A couple of business collaborations ended over a three-year span.  One ended well having run its course, just a few months prior to the music stopping.  The later fell to the circumstances, making it time to pick up and try again.  I had seen glimpses of ‘the writing on the wall’ for quite a while in my handwriting (this is an example of where stubbornness isn’t always a quality) and knew that I needed to cause the latest change and jump into the pile of challenges that it takes, to move on.  My human battery would not hold a charge and I sensed that this change should be done while I still had my four-legged assistant, before I would not be able to rise out of bed, let alone to the occasion.  It was time to recycle my crippled career, in a new direction, with a new group, one more time.  Sarrah was eleven and half years old at this time with most of her life in the past and the dark cloud that all animal people are aware of, but try to ignore, was getting closer.

A working week alone with Sarrah at the Beach House in the late winter of Two Thousand Ten gave me time to do many things, one of which was to finally embrace this conclusion and scrounge up the energy required to get on with it.  While there I did some of the things that ease my mind, forms of what I suppose are mediation.  We walked many miles on the beach, through the dunes and down the roads.  The weather cooperated so I rode my motorcycle daily, around the community and the rural roads.  Most importantly, I simply sat in the sunshine with my best friend and watched her nap.
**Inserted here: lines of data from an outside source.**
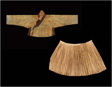 치마와 저고리는 여성의 대표적인 옷이다. 저고리는 깃, 곁마기, 고름을 자주색으로 사용한 회장저고리 형태로 겉깃이 모두 목판당코깃(여밈 끝이 버선코처험 뾰족한 모양의 깃) 양식이다. 소매의 모양은 겨드랑이에서 소매로 완만하게 줄어드는 일자형이며, 길(몸통) 부분의 옆선과 도련은 완만한 곡선이다.
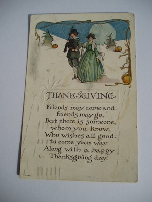 Thanksgiving~1920~art deco~pilgrim couple~musket~haystacks~pumpkin~embossed~T-68
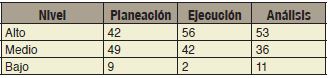 En el presente estudio, pudimos ver que el nivel de involucramiento de los alumnos fue, en su mayoría, de medio a alto, particularmente en la fase de ejecución, donde cada integrante del equipo cumplía una función determinada. La fase de planeación se encontró en segundo lugar, y la fase en la que hubo menor nivel de involucramiento fue la de análisis.
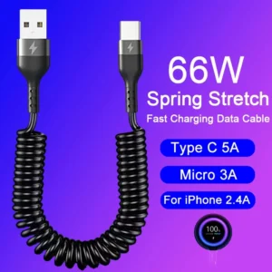 66W 5A Type C Spiral Phone Charge Cable USB Spring Telescopic Fast Charging Cord for Samsung Xiaomi Universal Phone Charge Cable sinsa

At each day’s end, we walked to the beach to watch the sun disappear into the ocean.  Every evening I watched my favorite movie, “The World’s Fastest Indian”.  This was my first lone stay at the Beach House.  The quiet time alone was good for me and I feel fortunate that Sarrah was with me for this experience.
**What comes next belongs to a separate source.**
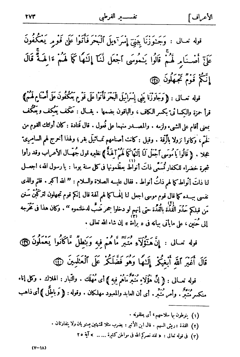قَوْلُهُ تَعَالَى: (وَجاوَزْنا بِبَنِي إِسْرائِيلَ الْبَحْرَ فَأَتَوْا عَلى قَوْمٍ يَعْكُفُونَ عَلى أَصْنامٍ لَهُمْ) قَرَأَ حَمْزَةُ وَالْكِسَائِيُّ بِكَسْرِ الْكَافِ، وَالْبَاقُونَ بِضَمِّهَا. يُقَالُ: عَكَفَ يَعْكِفُ وَيَعْكُفُ بِمَعْنَى أَقَامَ عَلَى الشَّيْءِ وَلَزِمَهُ. وَالْمَصْدَرُ مِنْهُمَا عَلَى فُعُولٍ. قَالَ قَتَادَةُ: كَانَ أُولَئِكَ الْقَوْمُ مِنْ لَخْمٍ، وَكَانُوا نُزُولًا بِالرِّقَّةِ وَقِيلَ: كَانَتْ أَصْنَامُهُمْ تَمَاثِيلَ بَقَرٍ، وَلِهَذَا أَخْرَجَ لَهُمْ السَّامِرِيُّ عِجْلًا. (قَالُوا يَا مُوسَى اجْعَلْ لَنَا إِلَهًا كَمَا لَهُمْ آلِهَةٌ) نَظِيرُهُ قَوْلُ جُهَّالِ الْأَعْرَابِ وَقَدْ رَأَوْا شَجَرَةً خَضْرَاءَ لِلْكُفَّارِ تُسَمَّى ذَاتَ أَنْوَاطٍ «١» يُعَظِّمُونَهَا فِي كُلِّ سَنَةٍ يَوْمًا: يَا رَسُولَ اللَّهِ، اجْعَلْ لَنَا ذَاتَ أَنْوَاطٍ كَمَا لَهُمْ ذَاتُ أَنْوَاطٍ. فَقَالَ عَلَيْهِ الصَّلَاةُ وَالسَّلَامُ: (اللَّهُ أَكْبَرُ. قُلْتُمْ وَالَّذِي نَفْسِي بِيَدِهِ كَمَا قَالَ قوم مُوسَى" اجْعَلْ لَنا إِلهاً كَما لَهُمْ آلِهَةٌ قالَ إِنَّكُمْ قَوْمٌ تَجْهَلُونَ" لَتَرْكَبُنَّ سُنَنَ في قبلكم حذو القذة «٢» بالقذة حتى إنهم لو دخلوا حجر ضَبٍّ لَدَخَلْتُمُوهُ (. وَكَانَ هَذَا فِي مَخْرَجِهِ إِلَى حُنَيْنٍ، عَلَى مَا يَأْتِي بَيَانُهُ فِي" بَرَاءَةٌ «٣» " إِنْ شَاءَ الله تعالى.

Shortly after returning, I met with another group who had expressed an interest in me, made ‘The Change’ and began the next chapter of my tired, working life story.  Around this time a movie titled “The Weary Kind” came out along with a soundtrack of the same name by Ryan Bingham that felt like a fitting battle song for the times (especially the lyrics “Somehow this don’t feel like home, anymore” and “Pick up your crazy heart and give it one more try”), Sarrah and I listened to this tune every morning as we rallied to fight on another day.